Russia's nuclear forces have been put on full alert in response to orders from President Vladimir Putin. Moscow is threatening Ukraine and the West with nuclear weapons, and has expressed its willingness to use them if necessary.
This is a nefarious threat that is simply unforgivable.
To bring up the possible use of nuclear weapons in addition to invading another country is outrageous. It is an extremely dangerous situation.
Putin's orders came three days after Russian forces invaded Ukraine. It had been reported that Putin was getting frustrated, as military operations were not going the way he had hoped.
Even if intimidation is the purpose for mentioning nuclear weapons, if the course of the war changes for the worse for Russia, the risks rise dramatically. Putin has revealed that when Russia annexed Crimea eight years ago, he tried to mobilize nuclear forces.

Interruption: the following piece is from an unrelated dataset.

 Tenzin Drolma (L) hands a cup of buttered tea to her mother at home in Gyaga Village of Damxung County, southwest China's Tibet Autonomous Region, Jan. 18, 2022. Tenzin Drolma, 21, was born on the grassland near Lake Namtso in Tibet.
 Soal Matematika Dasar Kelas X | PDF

In neighboring Belarus, which cooperated with Russia's invasion of Ukraine, a constitutional amendment that makes the deployment of nuclear weapons possible was approved. There is a chance that the nuclear threat will increase even further.

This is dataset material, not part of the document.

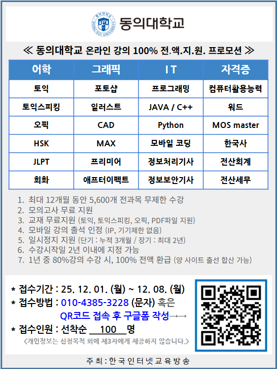 ✅ 모집기간 : 25. 12. 01.(월) ~ 12. 08.(월)

Russia's nuclear forces that are said to be combat-ready are capable of striking the West. This is likely an aim to retaliate against the West for its economic sanctions, including banning Russia from the SWIFT global financial system.

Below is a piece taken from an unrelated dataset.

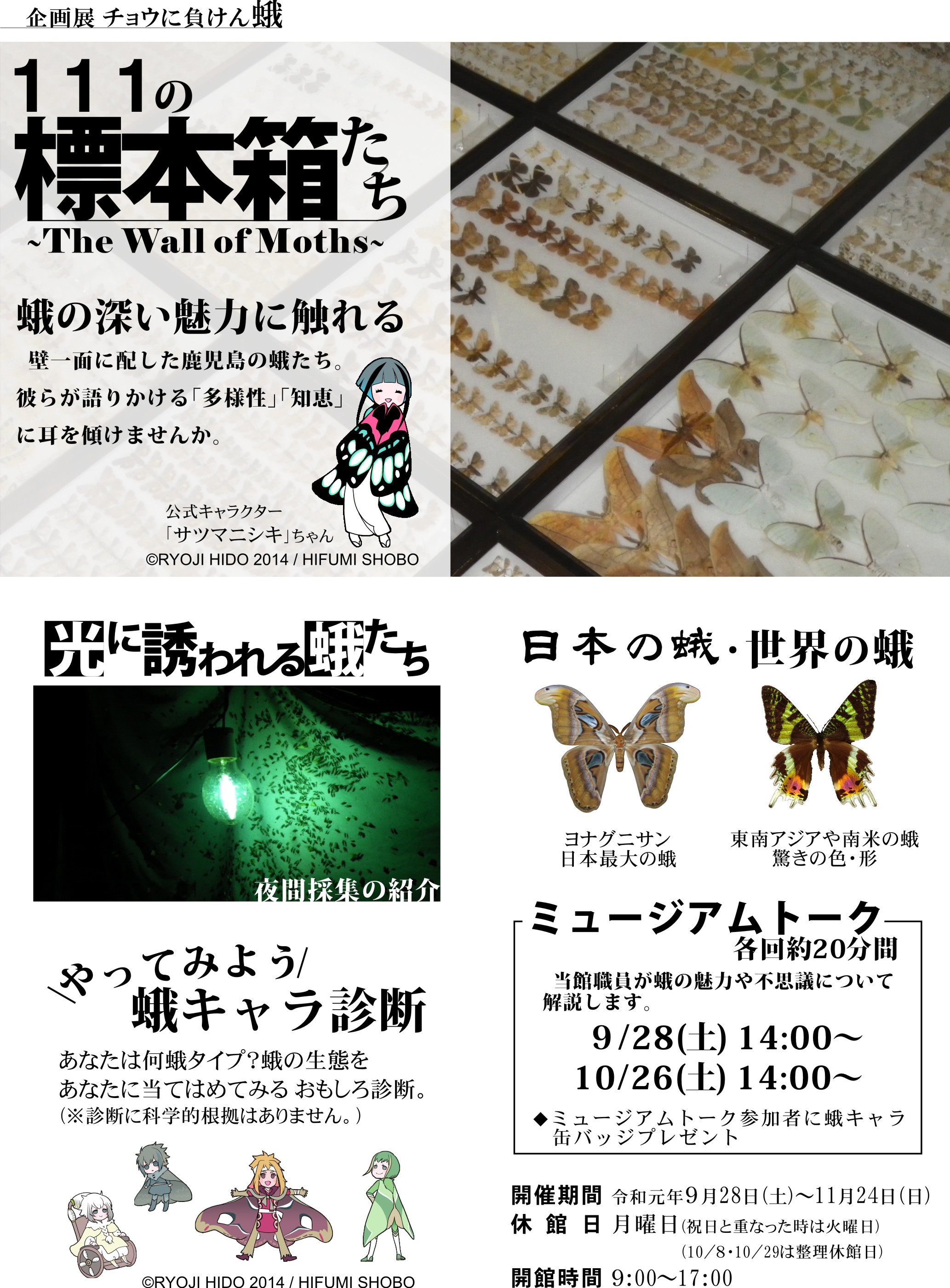 博物館には,主に県内各地で採集された蛾類の標本が,100箱以上収蔵されています。これらの標本を一堂に展示し,蛾類の多様性を紹介します。お気に入りの蛾を見つけてください!

Putin has repeatedly said that Russia is a nuclear superpower, and at the same time has lowered the bar for the first use of nuclear weapons. There is a need for various countries to stand together against such dangerous speech.
And it was in the middle of all this that former Japanese Prime Minister Shinzo Abe made a statement that made us question what we were hearing. Abe said that there was a need to discuss the issue of nuclear sharing between Japan and the U.S., a policy that would allow the U.S. to deploy nuclear weapons to Japan.
Japan is the only country that has experienced nuclear bombings, and maintains the three nonnuclear principles of not producing, possessing or allowing nuclear arms on its territory. Not only would nuclear sharing go against this policy, but it would relinquish our national goal of abolishing nuclear weapons. It is only natural that Prime Minister Fumio Kishida immediately said that it would be unacceptable for Japan to make a nuclear sharing arrangement with the U.S.
What Japan should be pursuing is not to reinforce its dependence on nuclear weapons by taking advantage of a crisis. What Japan should be doing is evoking the idea of "a world without nuclear weapons" once again, and bringing the global community together.
If nuclear weapons are used, the post-World War II nuclear management system will fall apart. What will expand before us will be a world that is terrified of nuclear war.
What is being sought now is the international community's resolve not to let that happen.